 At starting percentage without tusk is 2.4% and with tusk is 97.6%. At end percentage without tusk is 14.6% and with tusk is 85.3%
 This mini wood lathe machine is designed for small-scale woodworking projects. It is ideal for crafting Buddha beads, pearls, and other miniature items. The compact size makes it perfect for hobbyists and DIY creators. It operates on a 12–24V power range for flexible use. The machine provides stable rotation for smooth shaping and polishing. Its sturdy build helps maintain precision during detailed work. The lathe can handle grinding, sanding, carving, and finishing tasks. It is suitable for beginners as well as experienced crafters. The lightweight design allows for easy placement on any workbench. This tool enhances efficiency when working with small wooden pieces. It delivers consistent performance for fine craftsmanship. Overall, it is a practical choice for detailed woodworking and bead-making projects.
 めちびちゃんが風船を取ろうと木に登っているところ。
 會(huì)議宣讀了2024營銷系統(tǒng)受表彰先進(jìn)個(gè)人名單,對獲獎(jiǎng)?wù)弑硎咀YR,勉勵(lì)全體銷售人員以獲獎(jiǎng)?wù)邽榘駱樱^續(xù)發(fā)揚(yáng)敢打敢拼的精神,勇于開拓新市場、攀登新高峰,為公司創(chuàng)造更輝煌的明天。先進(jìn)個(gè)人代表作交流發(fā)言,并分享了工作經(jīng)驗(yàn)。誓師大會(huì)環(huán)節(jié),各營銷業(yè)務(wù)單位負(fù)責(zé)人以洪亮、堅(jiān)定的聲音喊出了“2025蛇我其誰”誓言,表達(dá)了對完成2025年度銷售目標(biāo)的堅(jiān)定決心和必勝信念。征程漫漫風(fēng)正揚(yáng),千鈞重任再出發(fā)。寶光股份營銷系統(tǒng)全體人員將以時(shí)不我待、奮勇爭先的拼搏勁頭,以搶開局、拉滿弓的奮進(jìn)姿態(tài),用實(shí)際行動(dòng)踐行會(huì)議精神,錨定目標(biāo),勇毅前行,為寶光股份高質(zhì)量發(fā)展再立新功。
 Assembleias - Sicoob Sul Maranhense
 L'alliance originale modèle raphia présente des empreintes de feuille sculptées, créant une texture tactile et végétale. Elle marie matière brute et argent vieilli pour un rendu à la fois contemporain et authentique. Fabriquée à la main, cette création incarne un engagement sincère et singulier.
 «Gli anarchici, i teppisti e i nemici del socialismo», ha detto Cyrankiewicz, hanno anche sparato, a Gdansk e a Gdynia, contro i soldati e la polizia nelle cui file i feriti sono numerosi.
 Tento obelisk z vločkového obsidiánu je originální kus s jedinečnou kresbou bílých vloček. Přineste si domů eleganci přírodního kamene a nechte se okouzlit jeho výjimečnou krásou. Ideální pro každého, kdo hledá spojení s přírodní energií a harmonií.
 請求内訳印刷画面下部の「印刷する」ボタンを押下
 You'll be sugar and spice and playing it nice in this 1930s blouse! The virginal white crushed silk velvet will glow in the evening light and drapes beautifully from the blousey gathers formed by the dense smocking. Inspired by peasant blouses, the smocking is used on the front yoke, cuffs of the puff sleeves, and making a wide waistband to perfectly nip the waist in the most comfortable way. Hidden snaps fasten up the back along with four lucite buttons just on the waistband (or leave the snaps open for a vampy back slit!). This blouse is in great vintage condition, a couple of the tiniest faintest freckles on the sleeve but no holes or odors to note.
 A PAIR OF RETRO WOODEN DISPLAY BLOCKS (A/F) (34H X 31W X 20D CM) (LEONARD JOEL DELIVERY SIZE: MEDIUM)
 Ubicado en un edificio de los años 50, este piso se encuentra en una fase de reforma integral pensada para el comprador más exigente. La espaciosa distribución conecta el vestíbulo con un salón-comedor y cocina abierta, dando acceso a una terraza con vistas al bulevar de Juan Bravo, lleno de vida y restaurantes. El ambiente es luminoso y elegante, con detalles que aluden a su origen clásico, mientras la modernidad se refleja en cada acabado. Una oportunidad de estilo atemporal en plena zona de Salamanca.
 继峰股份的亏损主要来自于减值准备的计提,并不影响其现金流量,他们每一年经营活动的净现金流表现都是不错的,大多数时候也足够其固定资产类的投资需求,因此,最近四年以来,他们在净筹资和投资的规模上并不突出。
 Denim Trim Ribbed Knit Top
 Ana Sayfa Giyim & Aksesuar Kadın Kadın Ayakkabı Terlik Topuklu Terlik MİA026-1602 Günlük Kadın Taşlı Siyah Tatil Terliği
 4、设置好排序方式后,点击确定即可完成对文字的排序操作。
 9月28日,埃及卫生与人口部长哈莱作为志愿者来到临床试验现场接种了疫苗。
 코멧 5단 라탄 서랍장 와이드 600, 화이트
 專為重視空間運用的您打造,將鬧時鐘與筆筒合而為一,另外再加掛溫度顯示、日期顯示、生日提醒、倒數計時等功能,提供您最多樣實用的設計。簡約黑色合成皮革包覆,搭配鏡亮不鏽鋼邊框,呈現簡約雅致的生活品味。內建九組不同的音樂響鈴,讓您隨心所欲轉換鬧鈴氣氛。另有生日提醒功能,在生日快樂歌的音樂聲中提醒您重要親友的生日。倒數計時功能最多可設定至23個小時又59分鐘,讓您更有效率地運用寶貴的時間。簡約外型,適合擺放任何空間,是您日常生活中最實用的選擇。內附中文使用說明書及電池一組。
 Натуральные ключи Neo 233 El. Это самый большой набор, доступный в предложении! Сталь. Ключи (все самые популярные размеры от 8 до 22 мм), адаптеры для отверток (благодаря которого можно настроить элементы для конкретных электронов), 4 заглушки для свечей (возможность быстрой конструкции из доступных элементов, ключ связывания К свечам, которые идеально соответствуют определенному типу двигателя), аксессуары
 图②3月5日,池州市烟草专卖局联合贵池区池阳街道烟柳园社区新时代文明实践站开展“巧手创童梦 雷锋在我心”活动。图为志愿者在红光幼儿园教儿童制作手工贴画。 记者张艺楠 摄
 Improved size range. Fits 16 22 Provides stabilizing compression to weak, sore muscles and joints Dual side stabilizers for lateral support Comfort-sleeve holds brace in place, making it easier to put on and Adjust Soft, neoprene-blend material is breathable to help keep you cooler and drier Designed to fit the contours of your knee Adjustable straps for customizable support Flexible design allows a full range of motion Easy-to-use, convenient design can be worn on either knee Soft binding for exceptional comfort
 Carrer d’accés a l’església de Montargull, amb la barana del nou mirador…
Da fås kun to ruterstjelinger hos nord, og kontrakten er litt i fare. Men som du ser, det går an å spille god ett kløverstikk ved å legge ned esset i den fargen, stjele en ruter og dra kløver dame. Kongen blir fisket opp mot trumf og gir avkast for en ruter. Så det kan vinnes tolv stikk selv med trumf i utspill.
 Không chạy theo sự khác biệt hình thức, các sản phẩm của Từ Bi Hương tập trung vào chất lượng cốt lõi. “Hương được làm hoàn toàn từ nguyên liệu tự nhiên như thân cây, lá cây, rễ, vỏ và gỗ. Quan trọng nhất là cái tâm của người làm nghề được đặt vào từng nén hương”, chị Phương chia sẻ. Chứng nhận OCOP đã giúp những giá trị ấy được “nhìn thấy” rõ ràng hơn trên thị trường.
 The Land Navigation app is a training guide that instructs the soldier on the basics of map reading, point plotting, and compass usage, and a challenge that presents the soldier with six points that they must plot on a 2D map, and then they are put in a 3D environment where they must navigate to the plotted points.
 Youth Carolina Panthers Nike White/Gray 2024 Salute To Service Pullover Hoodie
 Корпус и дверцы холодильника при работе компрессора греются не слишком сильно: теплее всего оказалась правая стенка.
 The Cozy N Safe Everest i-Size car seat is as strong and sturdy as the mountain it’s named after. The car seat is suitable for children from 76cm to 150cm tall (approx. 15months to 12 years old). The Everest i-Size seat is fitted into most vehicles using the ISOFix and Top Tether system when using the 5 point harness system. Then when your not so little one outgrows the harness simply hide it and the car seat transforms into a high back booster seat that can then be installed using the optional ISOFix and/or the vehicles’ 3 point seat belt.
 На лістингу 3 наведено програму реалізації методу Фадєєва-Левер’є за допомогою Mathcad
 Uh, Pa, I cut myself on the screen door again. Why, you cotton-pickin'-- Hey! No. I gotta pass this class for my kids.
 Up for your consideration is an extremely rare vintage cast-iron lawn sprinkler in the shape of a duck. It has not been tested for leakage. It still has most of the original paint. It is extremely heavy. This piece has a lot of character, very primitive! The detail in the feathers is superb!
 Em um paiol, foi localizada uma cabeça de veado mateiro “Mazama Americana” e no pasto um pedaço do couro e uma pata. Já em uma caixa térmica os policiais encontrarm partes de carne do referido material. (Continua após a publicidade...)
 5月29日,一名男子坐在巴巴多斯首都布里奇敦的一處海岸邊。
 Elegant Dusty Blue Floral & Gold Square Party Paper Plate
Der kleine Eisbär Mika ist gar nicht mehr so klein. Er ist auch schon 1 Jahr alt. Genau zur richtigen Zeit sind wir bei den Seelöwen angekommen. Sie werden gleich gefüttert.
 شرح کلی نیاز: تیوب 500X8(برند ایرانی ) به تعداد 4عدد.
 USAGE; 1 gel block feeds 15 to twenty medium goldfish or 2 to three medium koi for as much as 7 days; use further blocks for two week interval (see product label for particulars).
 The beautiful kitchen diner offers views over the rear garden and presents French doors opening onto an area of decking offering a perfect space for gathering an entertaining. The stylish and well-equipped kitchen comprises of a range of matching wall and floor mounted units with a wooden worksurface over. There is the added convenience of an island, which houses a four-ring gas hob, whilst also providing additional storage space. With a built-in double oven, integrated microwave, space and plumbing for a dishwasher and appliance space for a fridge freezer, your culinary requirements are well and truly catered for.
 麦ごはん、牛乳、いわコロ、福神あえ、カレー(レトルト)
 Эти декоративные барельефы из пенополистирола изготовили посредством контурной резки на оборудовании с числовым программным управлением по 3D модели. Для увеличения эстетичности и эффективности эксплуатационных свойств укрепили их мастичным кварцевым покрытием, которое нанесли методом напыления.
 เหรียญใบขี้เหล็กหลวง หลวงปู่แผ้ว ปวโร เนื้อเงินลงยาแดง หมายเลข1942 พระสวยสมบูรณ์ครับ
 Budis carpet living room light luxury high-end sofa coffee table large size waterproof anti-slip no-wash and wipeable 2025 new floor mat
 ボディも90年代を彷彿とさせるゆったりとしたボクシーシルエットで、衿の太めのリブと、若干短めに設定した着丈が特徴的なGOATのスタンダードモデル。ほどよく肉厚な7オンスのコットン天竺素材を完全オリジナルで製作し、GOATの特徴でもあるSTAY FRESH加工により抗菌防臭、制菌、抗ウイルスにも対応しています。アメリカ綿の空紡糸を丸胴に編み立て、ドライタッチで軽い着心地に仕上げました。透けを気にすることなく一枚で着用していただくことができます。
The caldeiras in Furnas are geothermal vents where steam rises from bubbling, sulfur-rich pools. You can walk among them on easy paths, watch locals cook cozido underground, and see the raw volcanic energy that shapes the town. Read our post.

WORK INSTRUCTION: Please, from the entries above, set down exactly the lines from the one containing "Denim Trim Ribbed Knit Top" through the one containing "Improved size range.", and only those.

SOLUTION TO THE EXERCISE:
 Denim Trim Ribbed Knit Top
 Ana Sayfa Giyim & Aksesuar Kadın Kadın Ayakkabı Terlik Topuklu Terlik MİA026-1602 Günlük Kadın Taşlı Siyah Tatil Terliği
 4、设置好排序方式后,点击确定即可完成对文字的排序操作。
 9月28日,埃及卫生与人口部长哈莱作为志愿者来到临床试验现场接种了疫苗。
 코멧 5단 라탄 서랍장 와이드 600, 화이트
 專為重視空間運用的您打造,將鬧時鐘與筆筒合而為一,另外再加掛溫度顯示、日期顯示、生日提醒、倒數計時等功能,提供您最多樣實用的設計。簡約黑色合成皮革包覆,搭配鏡亮不鏽鋼邊框,呈現簡約雅致的生活品味。內建九組不同的音樂響鈴,讓您隨心所欲轉換鬧鈴氣氛。另有生日提醒功能,在生日快樂歌的音樂聲中提醒您重要親友的生日。倒數計時功能最多可設定至23個小時又59分鐘,讓您更有效率地運用寶貴的時間。簡約外型,適合擺放任何空間,是您日常生活中最實用的選擇。內附中文使用說明書及電池一組。
 Натуральные ключи Neo 233 El. Это самый большой набор, доступный в предложении! Сталь. Ключи (все самые популярные размеры от 8 до 22 мм), адаптеры для отверток (благодаря которого можно настроить элементы для конкретных электронов), 4 заглушки для свечей (возможность быстрой конструкции из доступных элементов, ключ связывания К свечам, которые идеально соответствуют определенному типу двигателя), аксессуары
 图②3月5日,池州市烟草专卖局联合贵池区池阳街道烟柳园社区新时代文明实践站开展“巧手创童梦 雷锋在我心”活动。图为志愿者在红光幼儿园教儿童制作手工贴画。 记者张艺楠 摄
 Improved size range. Fits 16 22 Provides stabilizing compression to weak, sore muscles and joints Dual side stabilizers for lateral support Comfort-sleeve holds brace in place, making it easier to put on and Adjust Soft, neoprene-blend material is breathable to help keep you cooler and drier Designed to fit the contours of your knee Adjustable straps for customizable support Flexible design allows a full range of motion Easy-to-use, convenient design can be worn on either knee Soft binding for exceptional comfort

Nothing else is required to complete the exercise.